Records contained in a dataset:
┏━━

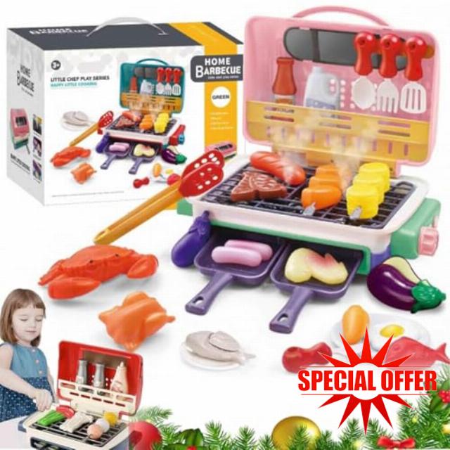 Safe & Durable Design: Made with ABS material and spill-protection features, built for long-lasting fun. barbecue grills for kids Kids Grill Playset with Smoke Sound Light
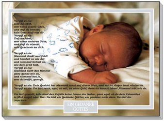 Vergiss es nie: Dass du lebst, war keine eigene Idee, und dass du atmest, kein Entschluss von dir. Vergiss es nie: Dass du lebst, war eines anderen Idee, und dass du atmest, sein Geschenk an dich. Vergiss es nie: Niemand denkt und fühlt und handelt so wie du, und niemand lächelt so, wie dus grad tust. Vergiss es nie: Niemand sieht den Himmel ganz genau wie du, und niemand hat je, was du weißt, gewusst. Vergiss es nie: Dein Gesicht hat niemand sonst auf dieser Welt, und solche Augen hast alleine du. Vergiss es nie: Du bist reich, egal, ob mit, ob ohne Geld, denn du kannst leben! Niemand lebt wie du. Du bist gewollt, kein Kind des Zufalls, keine Laune der Natur, ganz egal, ob du dein Lebenslied in Moll singst oder Dur. Du bist ein Gedanke Gottes, ein genialer noch dazu. Du bist du. Jürgen Werth
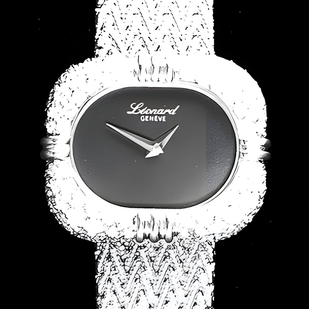 Classic and contemporary styling blend elegantly in this “Jacinthe” model by Léonard. In 18K yellow gold, with case entirely set with diamonds and godroons marking the quarters. (LEONARD, Geneva)
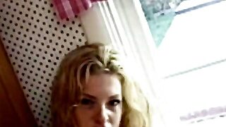Curly retro girl sits on the floor and passionately masturbates pussy
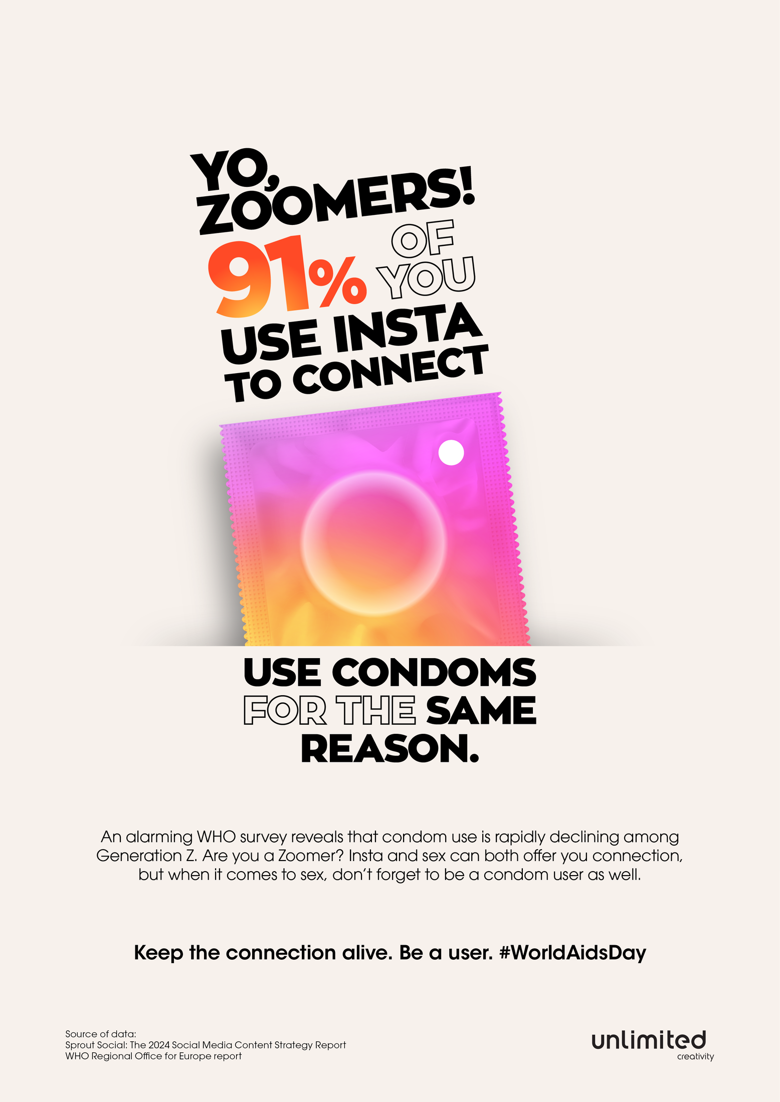 “Be a condom user,” a World AIDS Day campaign created by Unlimited Creativity Agency, aims to address the concerning drop in condom use among Generation Z. The campaign reminds Zoomers that they use social media for entertainment, pleasure, and interaction—just as they should with condoms. The message is clear: “Are you a Zoomer? Be a condom user!” By utilizing recent data from WHO and Sprout Social, the campaign lets the numbers do the talking. It emphasizes that safe sex can be as enjoyable and empowering as the other things Gen Z values: connection, fun, and entertainment. The goal of this positive campaign is to encourage Gen Z to live life to the fullest and take control of their health.
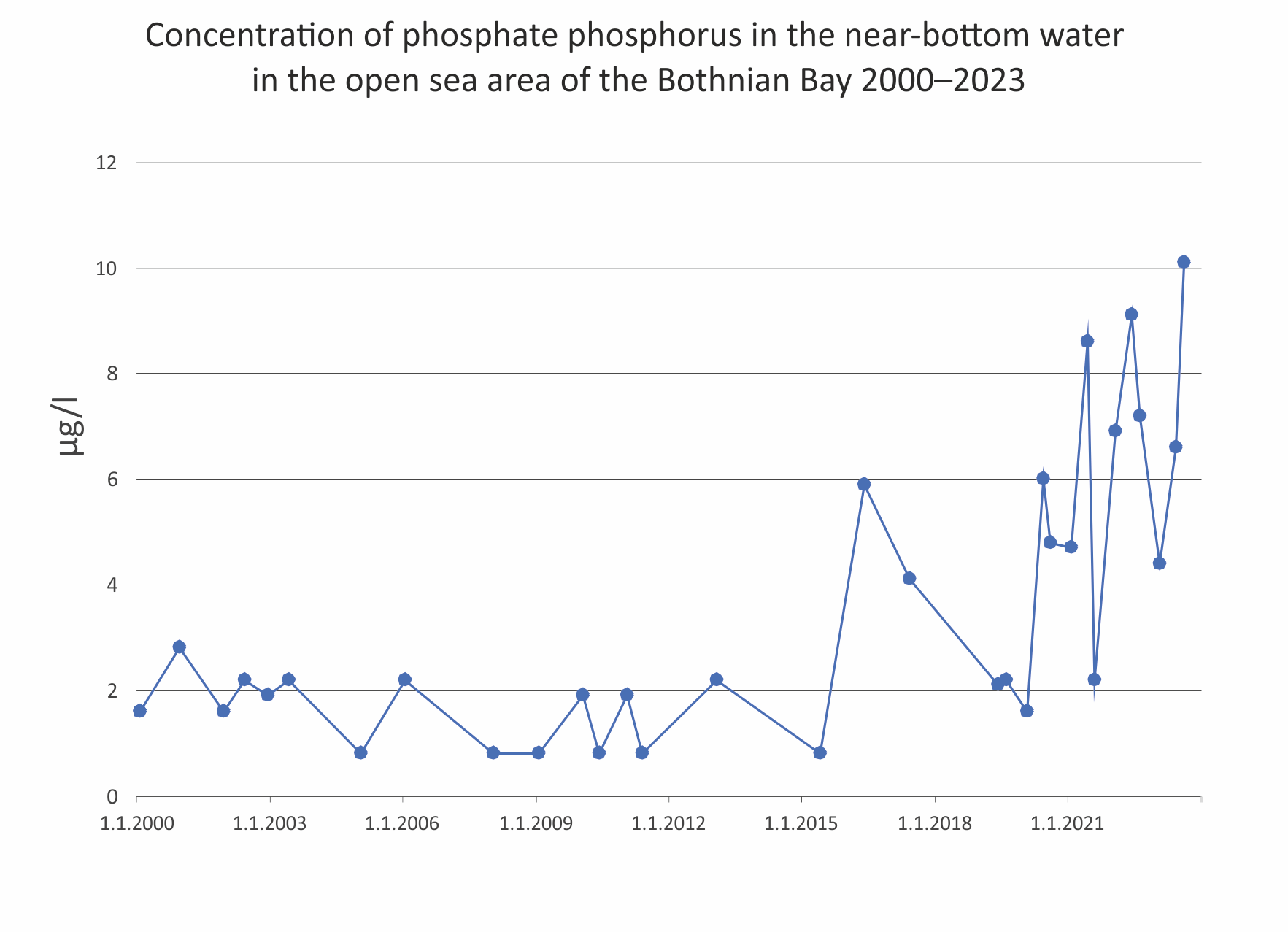 The content of phosphate phosphorus in areas near the bottom in the open sea of the Bothnian Bay has continued to increase. © Finnish Environment Institute
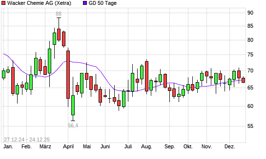 Mit dem Anstieg auf 68,35 EUR hat die Wacker Chemie-Aktie am 29.12.2025 die 50-Tage-Linie nach oben gekreuzt.Die Wacker Chemie-Aktie befindet sich seit dem 12.12.2025 im langfristigen Aufwärtstrend ...weiterlesen
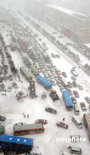 2007年3月4日,沈阳街道上拥堵的汽车。当日,沈阳遭遇暴风雪,交通瘫痪。中新社发 石立飞 摄
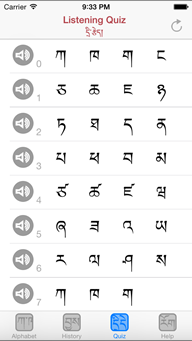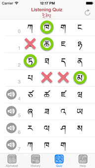 This Quiz screen is to test your ability to correctly identify by sound of the different Tibetan letters. Listen to the sound by tapping the Utterance button in the left and tap the letter that you think is correct. If you are correct, the green circle will appear and if you are wrong the red x cross will appear.
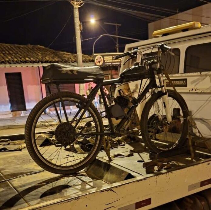 A Polícia Militar de Carmo do Paranaíba, apreendeu nesta terça-feira (28/10) uma bicicleta motorizada em desacordo com a lei. O fato ocorreu durante patrulhamento, quando uma guarnição policial visualizou em via pública uma pessoa conduzindo um veículo motorizado construída artesanalmente, em desconformidade com a lei e causando perturbação do sossego.
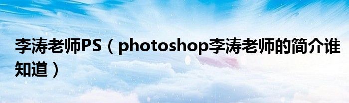 关于李涛老师PS,photoshop李涛老师的简介谁知道这个很多人还不知道,今天菲菲来为大家解答以上的问题,现在让我们一起来看看吧!
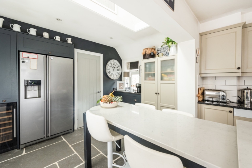 The front door opens to an entrance hall with doors leading to the kitchen, the ground floor bedroom, and the cloakroom. The hall flows into an open plan sitting/dining room, also open plan to the kitchen. Bi-folding doors open to the rear garden and the dining area has a pitched roof with sky light windows. The kitchen has central preparation and breakfast islands, stone work surfaces, a Belfast sink, and integral appliances. The ground floor bedroom has a dressing room and a four piece en suite bathroom.
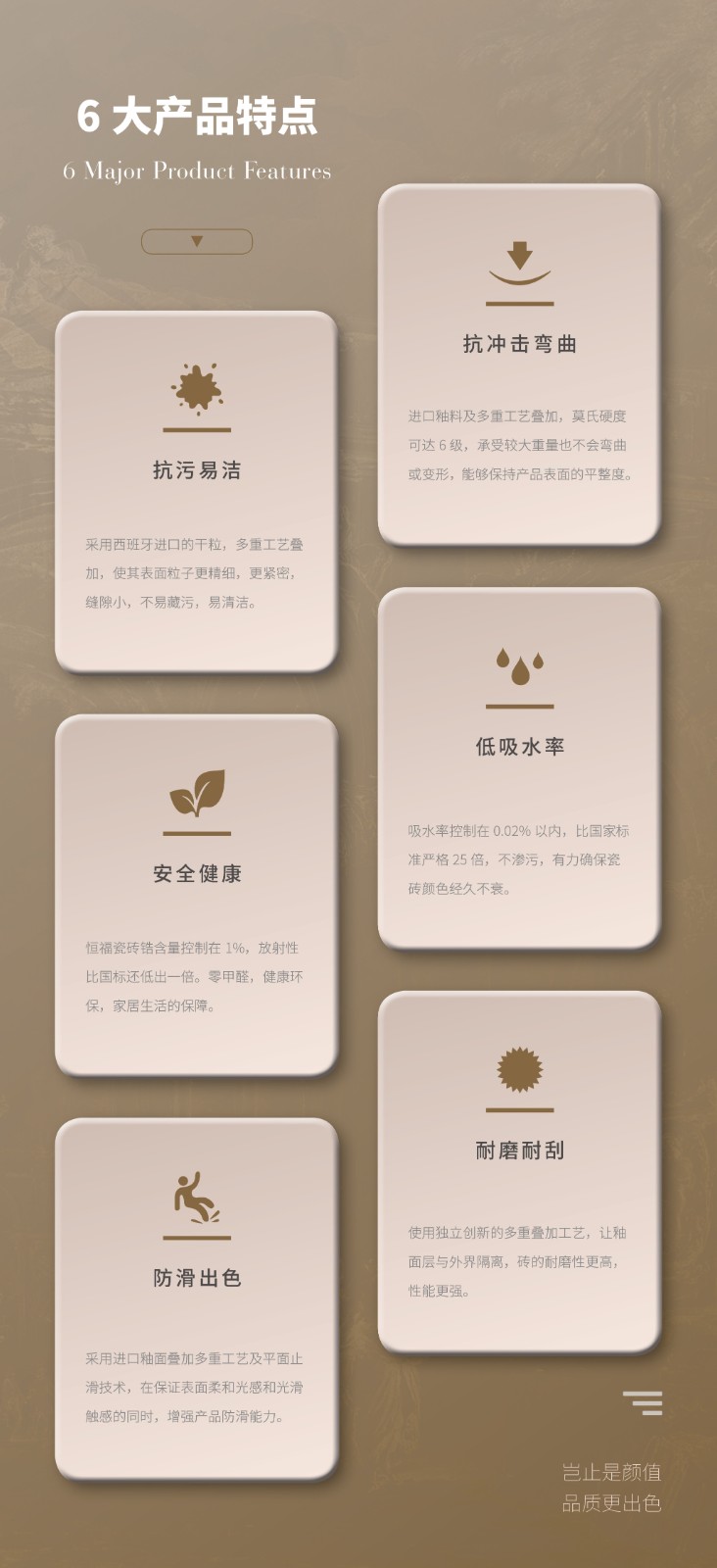 恒福陶瓷不断弓|领瓷砖行业消费潮流,产品广泛应用于全国多个高端地标项目,如广州亚运会亚运城、万达广场、恒大地产等。目前为止已经有10000多个大型的工程项目选择了恒福。
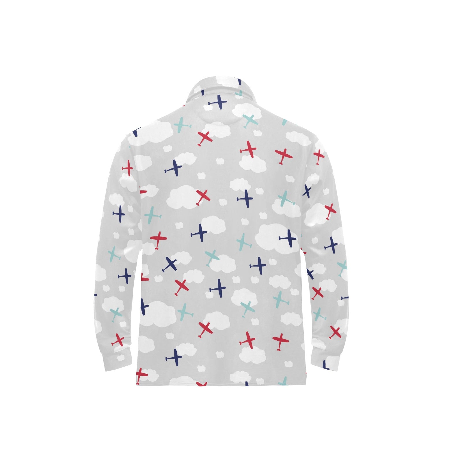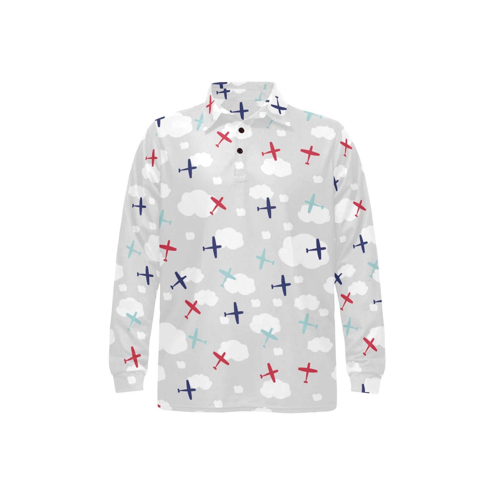 Airplane cloud grey background Men's Long Sleeve Polo Shirt
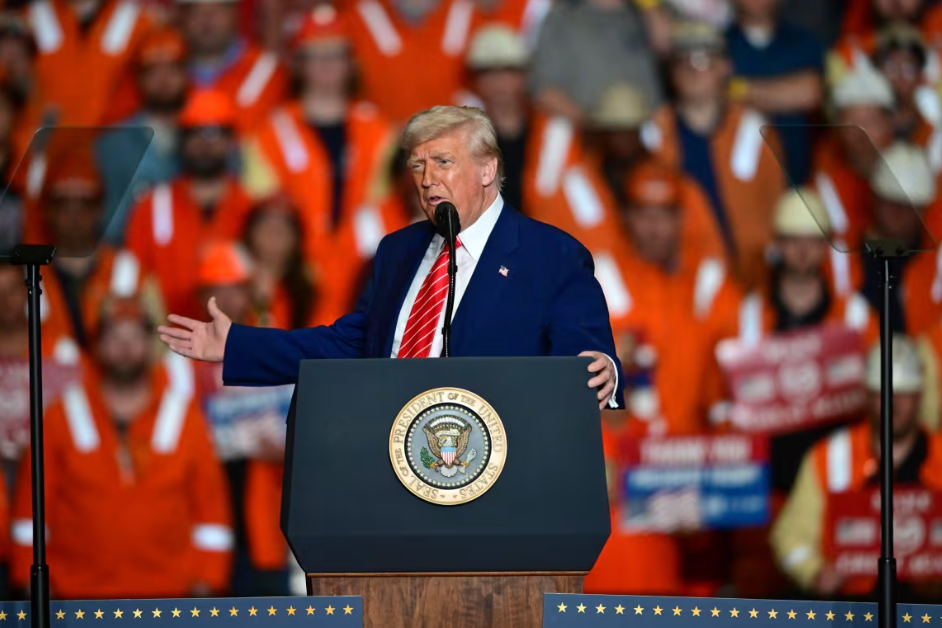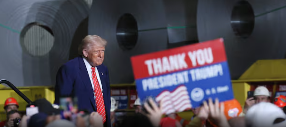 特朗普周五在匹兹堡附近的蒙谷欧文工厂(Mon Valley Irvin Plant)集会上表示,提高关税是“为了保护美国的钢铁工业安全”。他在演讲后在社交媒体发文称:“这对我们优秀的钢铁和铝工人来说,将是又一个重大好消息。”
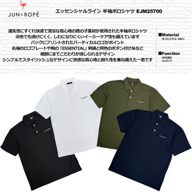 JUN&ROPE 2025 メンズ 半袖ポロシャツ 吸汗速乾 UVカット エッセンシャルライン EJM25700 メール便発送【新品】25FW ジュン&ロペ ジュンロペ 半袖シャツ ゴルフウェア
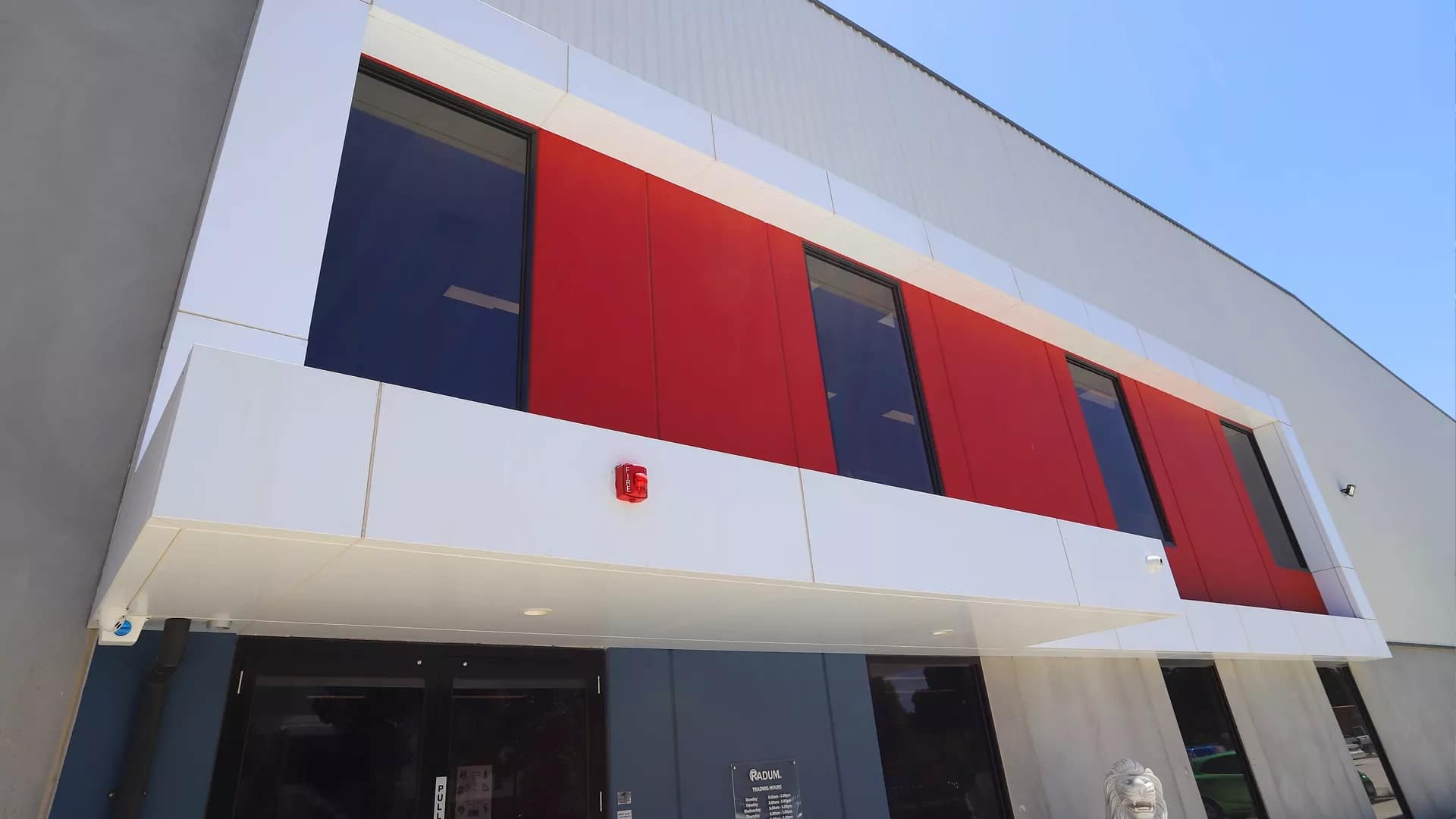 A purpose-built facility featuring a high-spec industrial building, foyer and showroom, first-floor office with integrated amenities, dispatch office, heavy-duty hardstand, marked car parking, and landscaped surrounds.
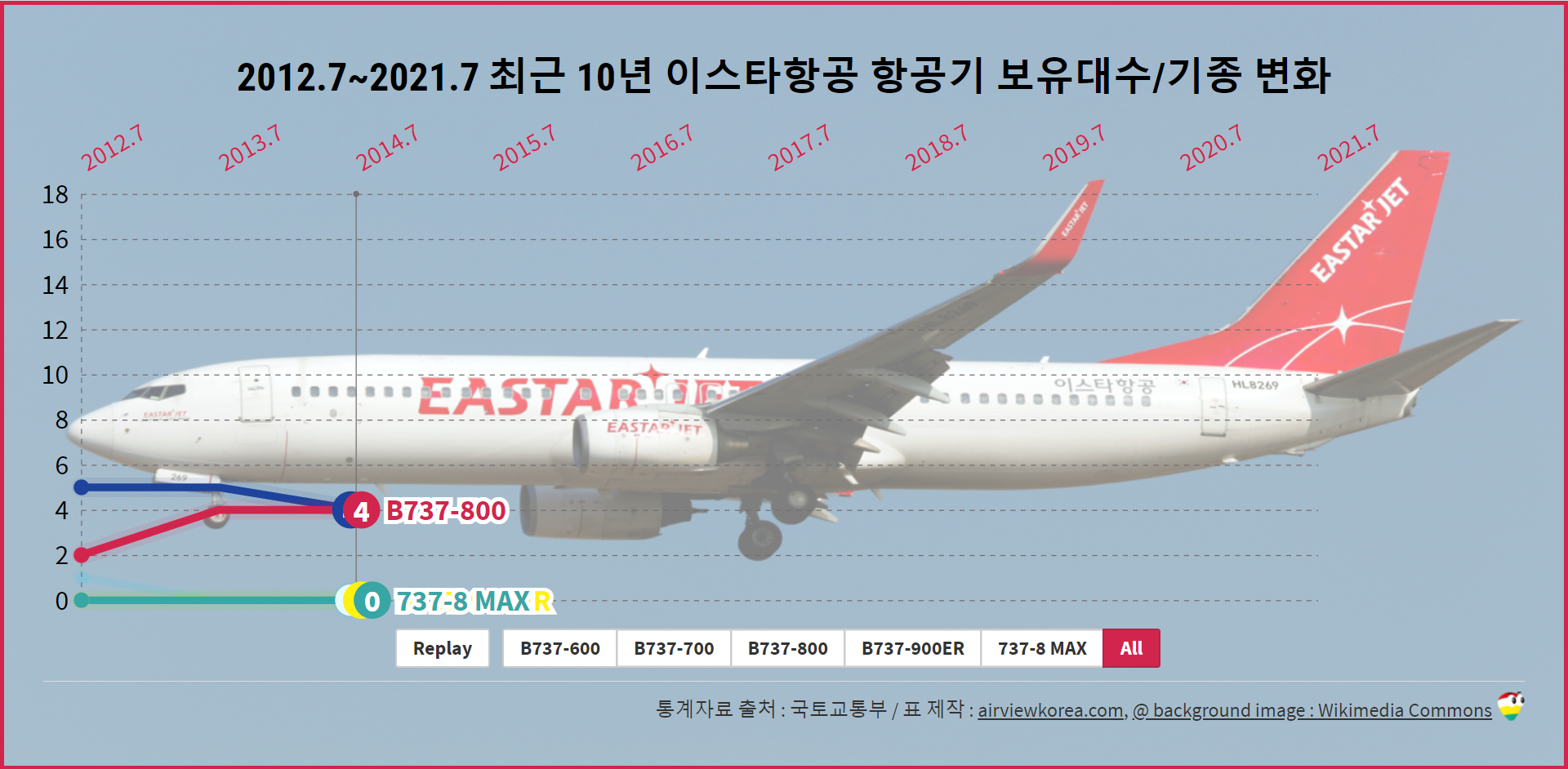 [2021년 7월 기준] 최근 10년 이스타항공 비행기 보유기종/보유대수 변화 (항공기 보잉 B737-800 / B737-8MAX)
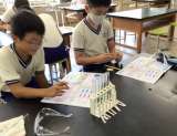 2年生が図工の授業で、色画用紙にカッターナイフでいろんな窓を作りました。子ども...

┗━━

Set down the entries above exactly; no pictures belong in the copy.

 Safe & Durable Design: Made with ABS material and spill-protection features, built for long-lasting fun. barbecue grills for kids Kids Grill Playset with Smoke Sound Light
 Vergiss es nie: Dass du lebst, war keine eigene Idee, und dass du atmest, kein Entschluss von dir. Vergiss es nie: Dass du lebst, war eines anderen Idee, und dass du atmest, sein Geschenk an dich. Vergiss es nie: Niemand denkt und fühlt und handelt so wie du, und niemand lächelt so, wie dus grad tust. Vergiss es nie: Niemand sieht den Himmel ganz genau wie du, und niemand hat je, was du weißt, gewusst. Vergiss es nie: Dein Gesicht hat niemand sonst auf dieser Welt, und solche Augen hast alleine du. Vergiss es nie: Du bist reich, egal, ob mit, ob ohne Geld, denn du kannst leben! Niemand lebt wie du. Du bist gewollt, kein Kind des Zufalls, keine Laune der Natur, ganz egal, ob du dein Lebenslied in Moll singst oder Dur. Du bist ein Gedanke Gottes, ein genialer noch dazu. Du bist du. Jürgen Werth
 Classic and contemporary styling blend elegantly in this “Jacinthe” model by Léonard. In 18K yellow gold, with case entirely set with diamonds and godroons marking the quarters. (LEONARD, Geneva)
Curly retro girl sits on the floor and passionately masturbates pussy
 “Be a condom user,” a World AIDS Day campaign created by Unlimited Creativity Agency, aims to address the concerning drop in condom use among Generation Z. The campaign reminds Zoomers that they use social media for entertainment, pleasure, and interaction—just as they should with condoms. The message is clear: “Are you a Zoomer? Be a condom user!” By utilizing recent data from WHO and Sprout Social, the campaign lets the numbers do the talking. It emphasizes that safe sex can be as enjoyable and empowering as the other things Gen Z values: connection, fun, and entertainment. The goal of this positive campaign is to encourage Gen Z to live life to the fullest and take control of their health.
 The content of phosphate phosphorus in areas near the bottom in the open sea of the Bothnian Bay has continued to increase. © Finnish Environment Institute
 Mit dem Anstieg auf 68,35 EUR hat die Wacker Chemie-Aktie am 29.12.2025 die 50-Tage-Linie nach oben gekreuzt.Die Wacker Chemie-Aktie befindet sich seit dem 12.12.2025 im langfristigen Aufwärtstrend ...weiterlesen
 2007年3月4日,沈阳街道上拥堵的汽车。当日,沈阳遭遇暴风雪,交通瘫痪。中新社发 石立飞 摄
 This Quiz screen is to test your ability to correctly identify by sound of the different Tibetan letters. Listen to the sound by tapping the Utterance button in the left and tap the letter that you think is correct. If you are correct, the green circle will appear and if you are wrong the red x cross will appear.
 A Polícia Militar de Carmo do Paranaíba, apreendeu nesta terça-feira (28/10) uma bicicleta motorizada em desacordo com a lei. O fato ocorreu durante patrulhamento, quando uma guarnição policial visualizou em via pública uma pessoa conduzindo um veículo motorizado construída artesanalmente, em desconformidade com a lei e causando perturbação do sossego.
 关于李涛老师PS,photoshop李涛老师的简介谁知道这个很多人还不知道,今天菲菲来为大家解答以上的问题,现在让我们一起来看看吧!
 The front door opens to an entrance hall with doors leading to the kitchen, the ground floor bedroom, and the cloakroom. The hall flows into an open plan sitting/dining room, also open plan to the kitchen. Bi-folding doors open to the rear garden and the dining area has a pitched roof with sky light windows. The kitchen has central preparation and breakfast islands, stone work surfaces, a Belfast sink, and integral appliances. The ground floor bedroom has a dressing room and a four piece en suite bathroom.
 恒福陶瓷不断弓|领瓷砖行业消费潮流,产品广泛应用于全国多个高端地标项目,如广州亚运会亚运城、万达广场、恒大地产等。目前为止已经有10000多个大型的工程项目选择了恒福。
 Airplane cloud grey background Men's Long Sleeve Polo Shirt
 特朗普周五在匹兹堡附近的蒙谷欧文工厂(Mon Valley Irvin Plant)集会上表示,提高关税是“为了保护美国的钢铁工业安全”。他在演讲后在社交媒体发文称:“这对我们优秀的钢铁和铝工人来说,将是又一个重大好消息。”
 JUN&ROPE 2025 メンズ 半袖ポロシャツ 吸汗速乾 UVカット エッセンシャルライン EJM25700 メール便発送【新品】25FW ジュン&ロペ ジュンロペ 半袖シャツ ゴルフウェア
 A purpose-built facility featuring a high-spec industrial building, foyer and showroom, first-floor office with integrated amenities, dispatch office, heavy-duty hardstand, marked car parking, and landscaped surrounds.
 [2021년 7월 기준] 최근 10년 이스타항공 비행기 보유기종/보유대수 변화 (항공기 보잉 B737-800 / B737-8MAX)
 2年生が図工の授業で、色画用紙にカッターナイフでいろんな窓を作りました。子ども...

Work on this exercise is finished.